Внизу нескончаемый город, изогнутая плавно река. И ветер задыхается в окнах от яростного бега.
- Ой, как быстро!
Кто-то в милицейской форме грозит нам полосатой волшебной палочкой. Тогда мы тихо спускаемся в мохнатый зеленый коридор. Он шлепает густыми ветками о крышу, он темен и влажен. Я чувствую, вижу по лицу девушки, как ей хорошо.
Это, наверное, так романтично, посмеиваюсь я про себя. Ворваться на темной, сверкающей фарами лошади в наивно-зеленый переулок, всех переполошить ради нее, только ради нее.

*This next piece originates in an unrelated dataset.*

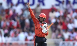 এদিন মাত্র ৪১ বলে ১০২ রান করেছেন এই ব্যাটার। ইনিংসটি খেলার পথে নয়টি চার ও আটটি ছক্কা একাই হাঁকিয়েছেন তিনি – অর্থাৎ ৮৪ রান করেছেন স্রেফ ১৭ বলে। তাঁর এমন টর্নেডো ব্যাটিংয়েই অবিশ্বাস্য সংগ্রহ দাঁড় করানোর ভিত পেয়ে গিয়েছে সানরাইজার্স হায়দ্রাবাদ।

Девушка смотрит на меня. Она задумчива. Девушки любят музыку. Я включаю радио. Ветки шуршат по нашим стеклам...
Где-то в непонятном лабиринте улиц-аллей, в котором я безнадежно заблудился, появилась хрупкая, как стекло, незнакомая песенка.
Женский печальный голос неторопливо, точно боясь высказать все и желая высказать все, но боясь обидеть кого-то своей обидой, молил, уговаривал, тая в глубине своей неутешную девичью беду.
Миленький ты мой...
Возьми меня с собой.
Там, в краю далеком,
Буду тебе женой.
Память у меня великолепная. Стихи я запоминаю с лета. Наивные слова песенки звучали вдруг с непонятной, непосильной, казалось, для них, растерянной грустью.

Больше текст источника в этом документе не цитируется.